Quinoa has exceptional he alth and nutritional properties. Quinoa is a rich source of wholesome protein, he althy fatty acids, as well as many vitamins and minerals. It also has antioxidant properties and a potential anti-cancer effect. Check what other properties of quinoa have and what are its uses.

Quinoa , otherwisequinoaorPeruvian rice , it is a pseudo-cereal, i.e. a plant which produces starchy seeds but is not really a grain. Itspropertiesandnutritional values ​​ have been valued in South America, where it comes from, for centuries. Quinoa is referred to there as "the sacred grain of the Inca", the "golden grain of the Incas" and the "mother of grains".

No wonder - quinoa is a source of wholesome protein, he althy fatty acids, many vitamins and minerals. It also contains saponins, thanks to which it can exhibit antiallergic, anti-inflammatory, anti-fungal, anti-viral and immunostimulating properties.

In addition, quinoa seeds contain an exceptionally large amount of flavonoids (of which quercetin and campferol are predominant). Consequently, quinoa exhibits antioxidant properties. It should be emphasized that traditional grains do not contain flavonoids at all, which makes quinoa unique in comparison with them.

Quinoa is related to the Polish white quinoa (lebioda) and quinoa. Currently, in addition to South America, quinoa is grown in the USA, India, Canada and the British Isles.

Quinoa as a source of wholesome protein

Quinoa protein as one of the few plant proteins contains all exogenous amino acids, i.e. those that are not synthesized in the body and must be supplied with food, say scientists from the Department of Bromatology of the Collegium Medicum of the Jagiellonian University. Traditional grains are low in these amino acids.
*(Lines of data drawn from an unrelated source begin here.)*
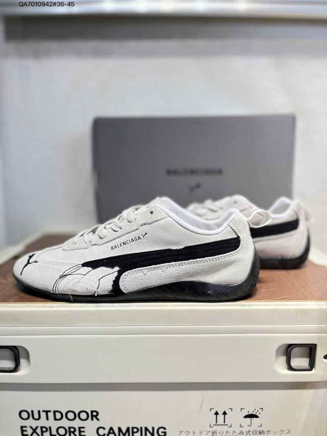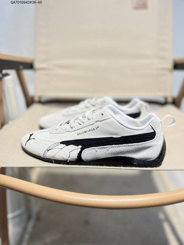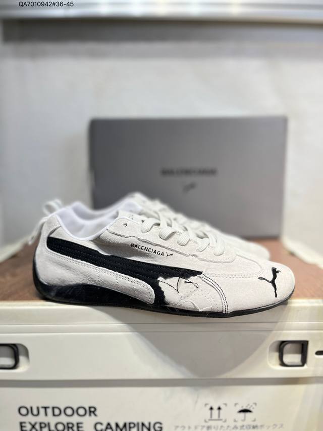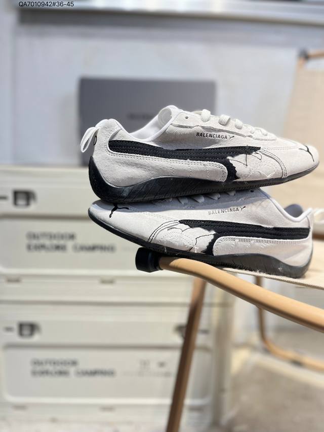 PUMA X Balenciaga Speedcat series thin-soled shoes. Round-toe, distressed, low-top casual shoes with cowhide suede.
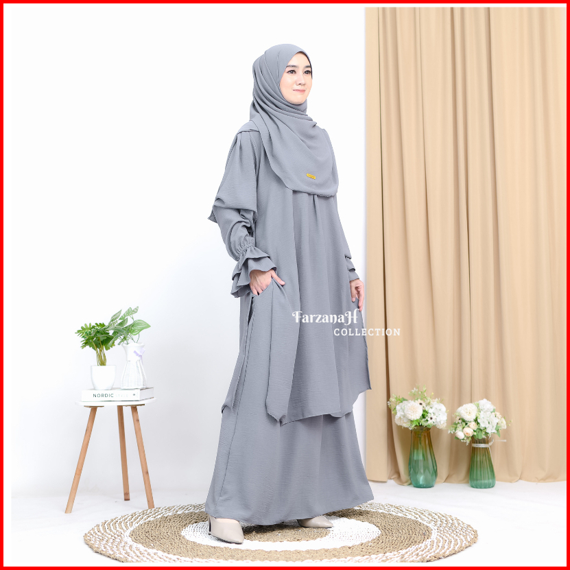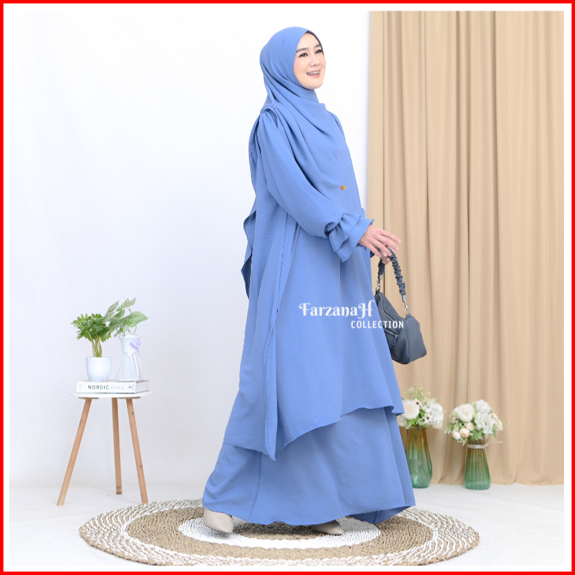One Set Abaya Khadijah Rok Long Tunik Pasmina Crinkle Airflow Setelan Abaya Umroh Hajian Terbaru L Xl 2xl
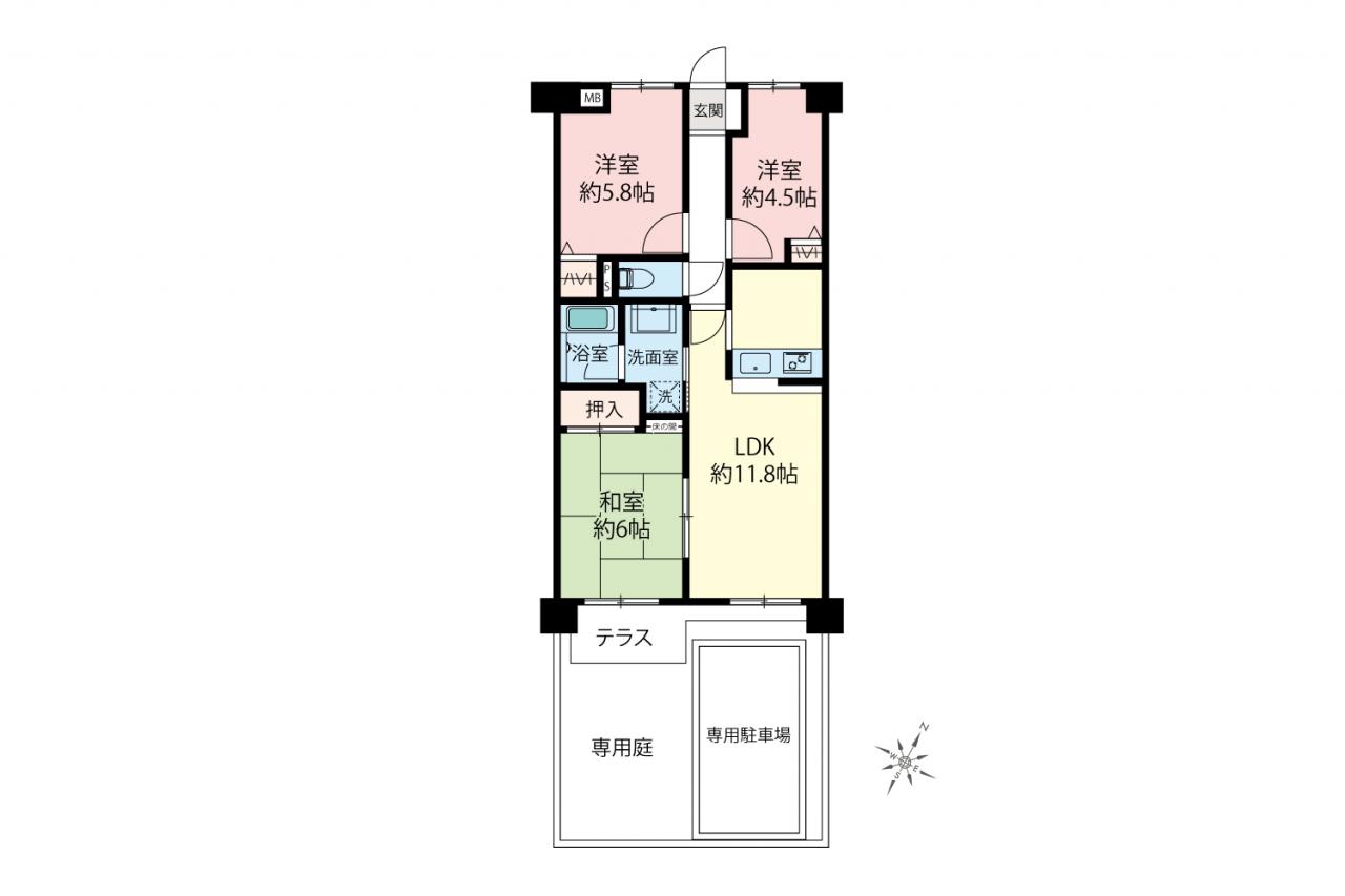 南東向き リフォーム済 和室あり 各室収納 専用庭 テラス 専用駐車場付
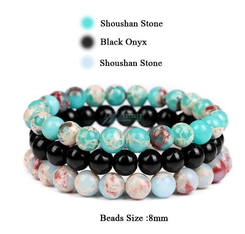 Ásvány karkötő 3-as szett türkiz Shoushan kő - ónix - kék Shoushan kő
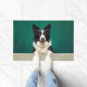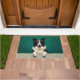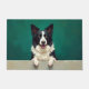 The rich emerald green background adds depth and elegance, making it a standout piece for any entryway. Designed with extra space at the top and bottom, it allows easy personalization with names, welcome messages, or custom text—perfect for unique dog-themed doormats and thoughtful gifts.
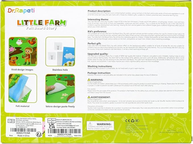 - Preschool Early Education: Dr.Rapeti felt story board set is great for kids’ imagination and creativity ability, helps them know about farm animals and develop their hand-eye skill. It can also improve the interaction between parents and kids
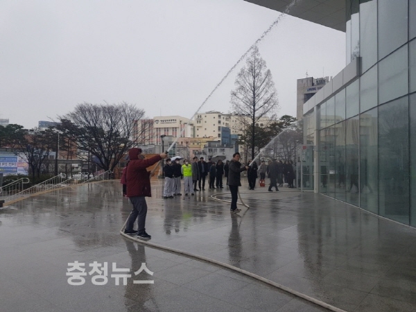 오후 2시 경보발령과 동시에 민방위화재대피방송이 건물내에 전파됐고, 훈련참석자들은 비상계단을 이용해 1층 광장으로 신속하게 대피했다.
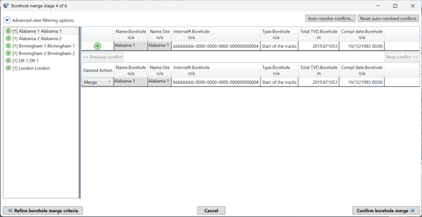 To progress to the sample merge stage select Confirm borehole merge and continue to sample merge.
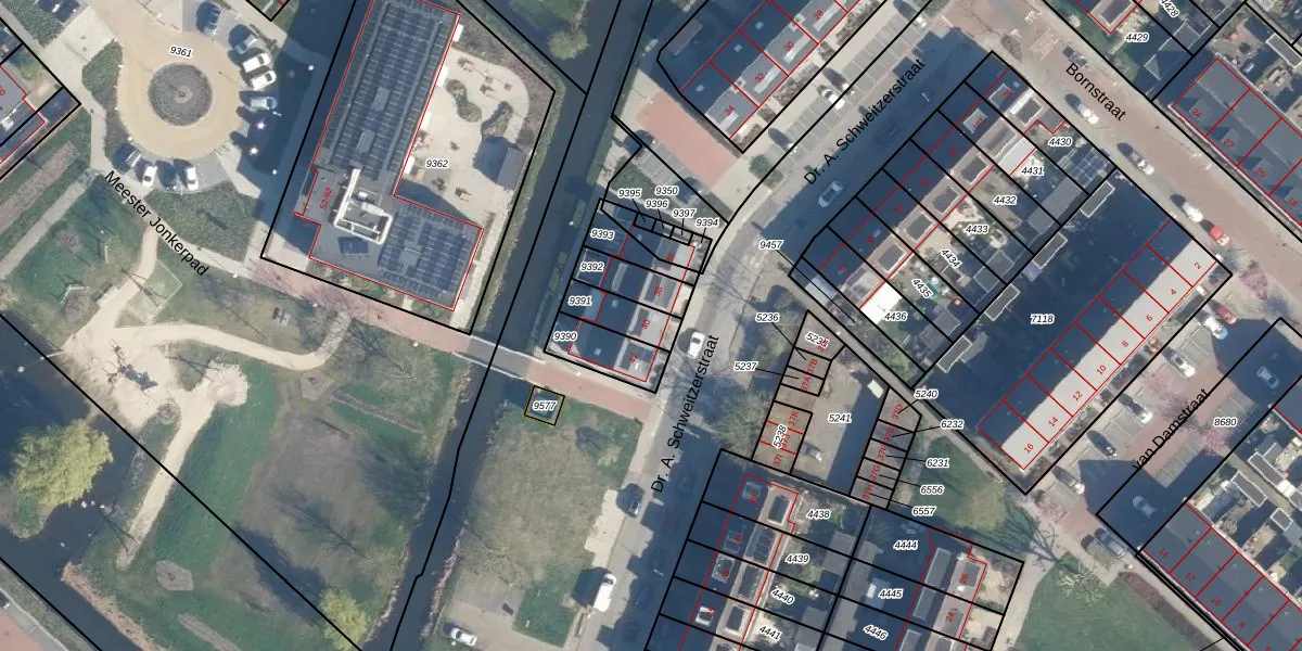 Dr. A. Schweitzerstraat 40 is gelegen op kadastraal perceel AAR00A9391. Deze kadastrale aanduiding is uniek en wordt gebruikt door het Kadaster om eigendomsrechten en andere zakelijke rechten vast te leggen. Het perceel maakt onderdeel uit van de kadastrale gemeente Ter Aar.
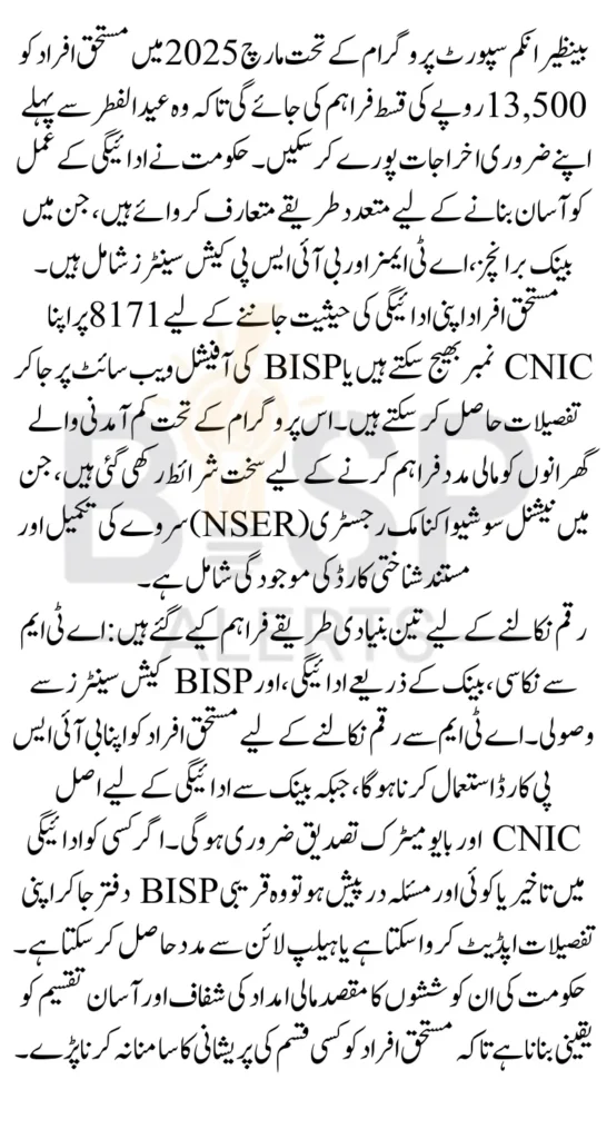 The Benazir Income Support Program BISP 13500 payment is a major financial relief initiative for low-income families in Pakistan. The government has ensured that payments are distributed transparently and efficiently through multiple channels. Eligible beneficiaries can check their payment status online via the web portal or SMS and withdraw their funds through ATMs, bank branches, or BISP payment centers. Individuals who have not yet received their payments are advised to check their eligibility regularly and ensure their NSER survey is updated to continue receiving financial assistance. For further details, beneficiaries can visit the BISP official website or contact the BISP helpline

Additionally, the protein content in quinoa is quite high.

Therefore, quinoa can be an alternative to animal-derived protein and can be found in the diet of vegetarians, as well as people who, for he alth reasons, must limit their consumption of meat rich in unhe althy saturated fatty acids.

Quinoacan prevent cancer

Komosa has a potential anti-cancer effect, argue scientists from the Department of Cell Biology at the Faculty of Biochemistry, Biophysics and Biotechnology of the Jagiellonian University in Krakow. Their research shows that extracts from seeds, sprouts and quinoa leaves clearly inhibit the proliferation of rat prostate cancer cells, and also limit their intercellular communication via gap junctions and in vitro migration activity.

Quinoa can prevent atherosclerosis

Quinoa grains are rich in unsaturated fats, mainly linolenic, oleic and linoleic acids. Their consumption contributes to the reduction of cholesterol levels, reduces the risk of atherosclerosis and other cardiovascular diseases.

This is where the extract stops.